The problems test the ability to compute Jacobians, Hessians, and to exploit sparsity in the derivative. The last problem ODE also compares the AD algorithms to a hand optimized Jacobian.

I have done my best to make the benchmarks fair but some of these algorithms have complicated API's. It is not always easy to figure out the most efficient way to compute the derivative. If you spot an error or see a way to make an algorithm more efficient create a PR and I'll update the code and results.

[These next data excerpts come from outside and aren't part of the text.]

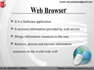 The document provides an overview of various web browsers, including details about their developers, programming languages, engines, and features such as private browsing and speed enhancements. It mentions specific browsers like Google Chrome, Mozilla Firefox, Opera, Internet Explorer, and Safari, highlighting their unique capabilities and overall performance. Additionally, the document includes contact information for Batra Computer Centre, where more information may be available.
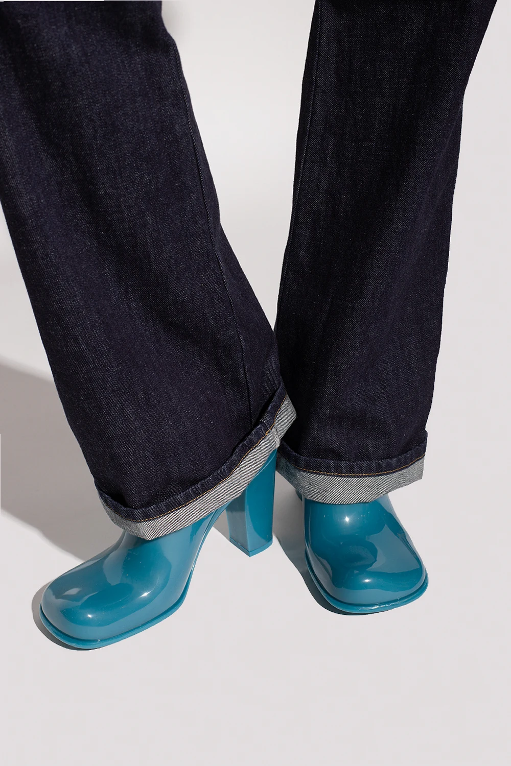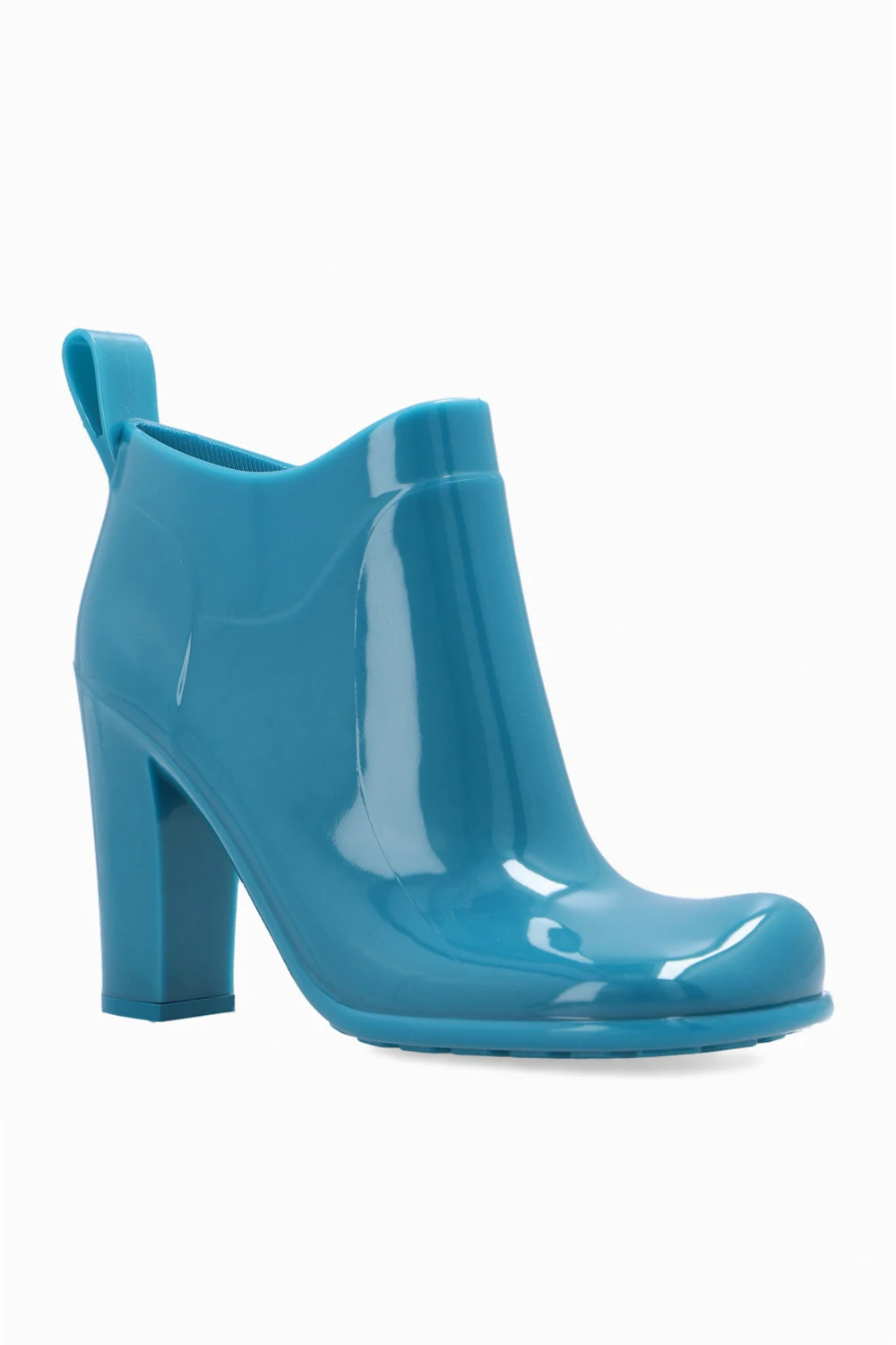 Blue ‘Shine’ rubber boots from Bottega Veneta. Resting on a blue rubber sole, this pair has a decorative toe.
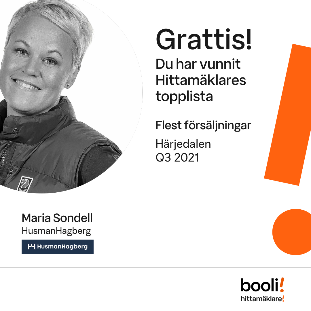 Statistik för publicerade bostäder, försäljningar och omdömen baseras på data från Booli och Hittamäklare. Statistiken för försäljningar avser inrapporterade och verifierade slutpriser från mäklare eller av Booli inhämtade och verifierade slutpriser. Statistiken för publicerade bostäder baseras på information som publicerats på Booli.se. Statistik för omdömen och rekommendationer baseras på omdömen från säljare som lämnats via Booli och Hittamäklare.
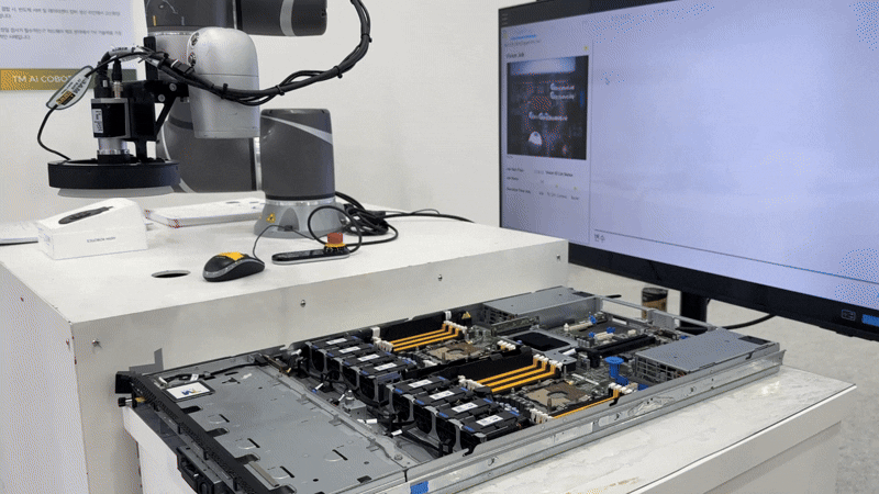 A. 출발은 비전 내장형 코봇이지만, 거기서 끝나는 건 아니다. 비전으로 기준점을 읽고, 모바일 플랫폼과 결합해서 공정 사이를 이동하고, 필요한 위치에서 다시 좌표를 맞추고, 이후 검사·피킹 등 실제 작업까지 이어지는 흐름. 이렇게 전체를 하나의 자동화 단위로 통합하는 것이 우리의 청사진이다. 피지컬 AI 활용 방안도 그 연장선이 될 것이다.

  1. Rosenbrock. Compute the gradient and the Hessian of the rosenbrock function:
function rosenbrock(x)
    a = one(eltype(x))
    b = 100 * a
    result = zero(eltype(x))
    for i in 1:length(x)-1
        result += (a - x[i])^2 + b * (x[i+1] - x[i]^2)^2
    end
    return result
end
export rosenbrock

The Hessian is extremely sparse so algorithms that can detect sparsity will have an advantage.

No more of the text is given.